On Fri, Mar 20, 2026 at 03:41:13AM -0700, Breno Leitao wrote:
> On Wed, Mar 18, 2026 at 04:11:54PM +0100, Petr Mladek wrote:
> > On Wed 2026-03-18 04:31:08, Breno Leitao wrote:
> > Otherwise, I like this patch.
> > 
> > I still think what might be the reason that there is no worker
> > in the running state. Let's see if this patch brings some useful info.
> > 
> > One more idea. It might be useful to store a timestamp when the last
> > worker was woken.
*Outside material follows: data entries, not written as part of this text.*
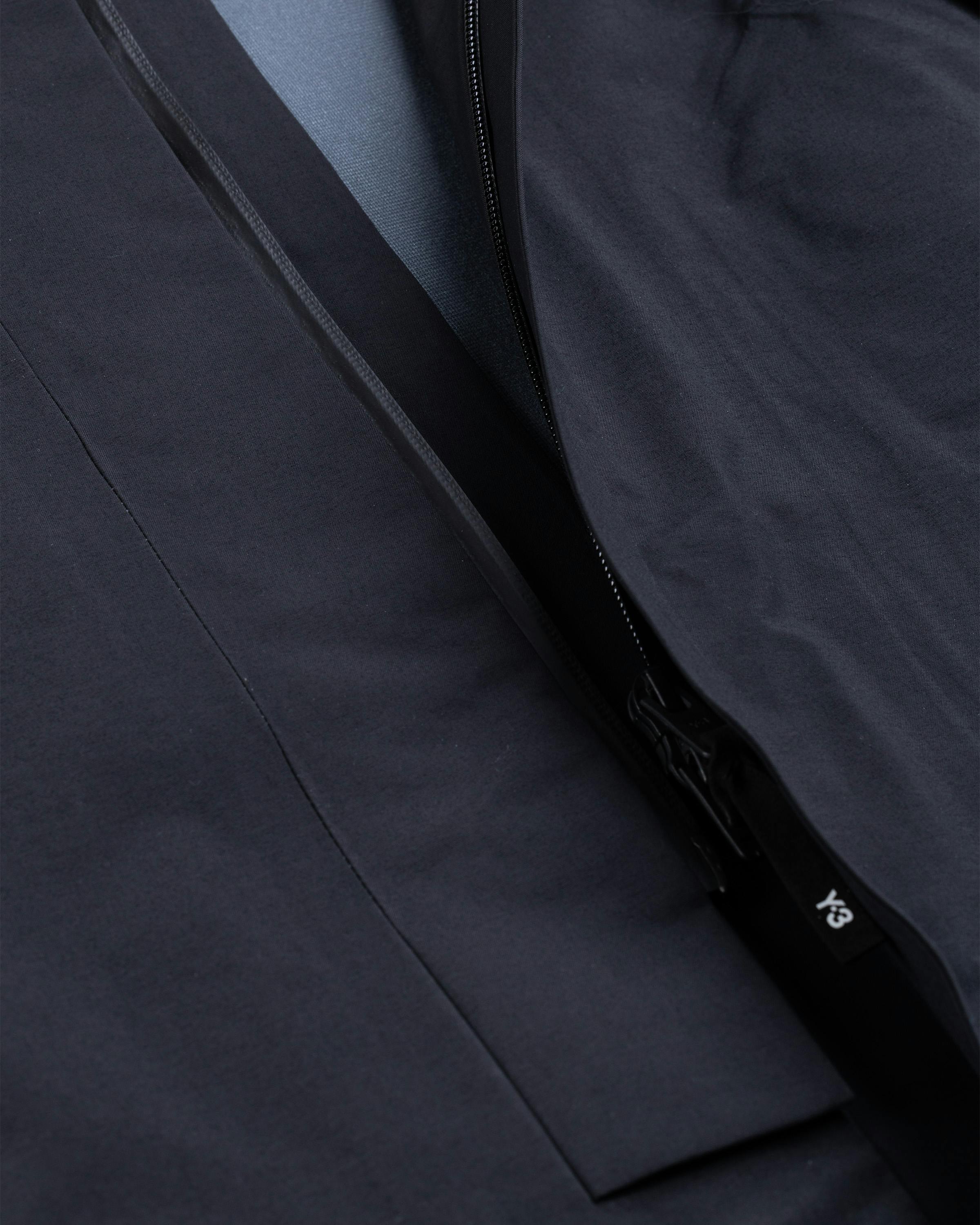 Designed for harsh weather conditions, the Hardshell Coat is fully waterproof and seam-sealed, featuring a three-layer GORE-TEX finish for superior protection. A waterproof zipper keeps out rain, while a detachable hood offers added coverage. The garment is cut for a loose fit that creates an elegant drape, finished with front flap pockets and Y-3 logo detailing.
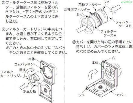 ※フィルターには裏表がありますので、 固い面を手前にしてお取り付けください。 ![]() |
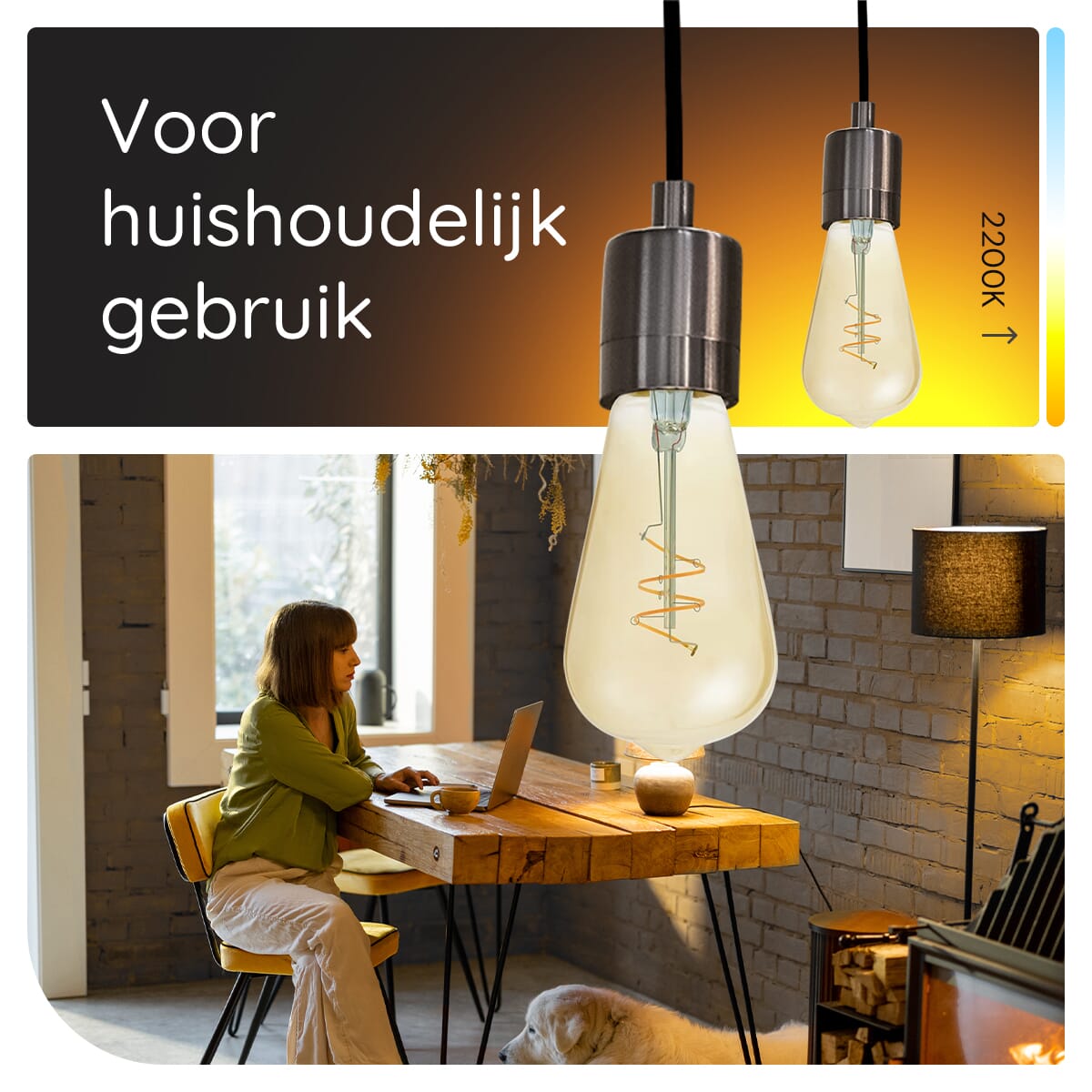 - Stijlvol en efficiënt: Het unieke LED Filament ST64 design in amber zorgt voor een decoratieve touch, terwijl het meer lumen biedt dan de gemiddelde marktstandaard.

And then print either the timestamp or delta.
> > It would help to make sure that kick_pool() was really called
> > during the reported stall.
> 
> Ack, this is the following patch I will deploy in production, let's see
> how useful it is.

I got this running in production (backported to 6.16), and we finally got the culprit.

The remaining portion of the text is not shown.